On July 11, 2024, between 10:20 UTC and 14:00 UTC Copilot Chat was degraded and experienced intermittent timeouts. This only impacted requests routed to one of our service region providers. The error rate peaked at 10% for all requests and 9% of users. This was due to host upgrades in an upstream service provider. While this was a planned event, processes and tooling was not in place to anticipate and mitigate this downtime. We are working to improve our processes and tooling for future planned events and escalation paths with our upstream providers.
On July 8th, 2024, between 18:18 UTC and 19:11 UTC, various services relying on static assets were degraded, including user uploaded content on github.com, access to docs.github.com and Pages sites, and downloads of Release assets and Packages. The outage primarily affected users in the vicinity of New York City, USA, due to a local CDN disruption. Service was restored without our intervention.We are working to improve our external monitoring, which failed to detect the issue and will be evaluating a backup mechanism to keep critical services available, such as being able to load assets on GitHub.com, in the event of an outage with our CDN.
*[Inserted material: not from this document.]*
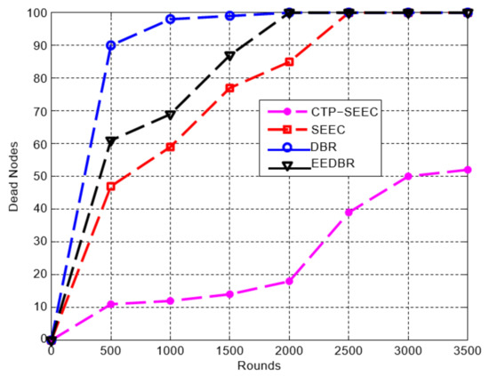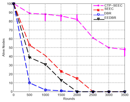 After introducing the managed transmission power function in SEEC, as seen in Figure 4, the network lifetime is enhanced. In SEEC, each sensor node was transmitting packets at a predefined transmission power which made the network die prematurely. In the controlled transmission power (CTP) strategy, transmission power is adjusted by the source node based on Euclidean distance to the destination node. These adjustments of power vary energy consumption for each time when the packet is sent. This variation in energy consumption increases the network lifetime. In Figure 4, it can be seen that the nodes in SEEC with CTP are alive at round 3500 whereas the SEEC without CTP is dead at round 2500 as shown in Figure 5. In DBR During the information sending, the sender incorporates its depth; the data packets accepting nodes contrast their depths with the sender node. The node with a small depth advances the packet to the sink. For each data packet, each node has a fixed holding time, so nodes with greater depths have a smaller holding time. Therefore, because only the depth of the sensor node is used for propagation, these nodes die before alternative nodes that lead to energy holes; see Figure 5. The nodes in DBR with CTP are alive at round 3500, whereas the DBR without CTP is dead at round 2000, as seen in Figure 4.

On July 5, 2024, between 16:31 UTC and 18:08 UTC, the Webhooks service was degraded, with customer impact of delays to all webhook delivery. On average, delivery delays were 24 minutes, with a maximum of 71 minutes. This was caused by a configuration change to the Webhooks service, which led to unauthenticated requests sent to the background job cluster. The configuration error was repaired and re-deploying the service solved the issue. However, this created a thundering herd effect which overloaded the background job queue cluster which put its API layer at max capacity, resulting in timeouts for other job clients, which presented as increased latency for API calls.Shortly after resolving the authentication misconfiguration, we had a separate issue in the background job processing service where health probes were failing, leading to reduced capacity in the background job API layer which magnified the effects of the thundering herd. From 18:21 UTC to 21:14 UTC, Actions runs on PRs experienced approximately 2 minutes delay and maximum of 12 minutes delay. A deployment of the background job processing service remediated the issue.To reduce our time to detection, we have streamlined our dashboards and added alerting for this specific runtime behavior. Additionally, we are working to reduce the blast radius of background job incidents through better workload isolation.
On July 3, 2024, between 1:34 PM UTC and 4:42 PM UTC the GitHub documentation was degraded and showed a 500 on non-cached pages. On average, the error rate was 2-5% and peaked at 5% of requests to the service. This was due to an observability misconfiguration. We mitigated the incident by updating the observability configuration and redeploying. We are working to reduce our time to detection and mitigation of issues like this one in the future.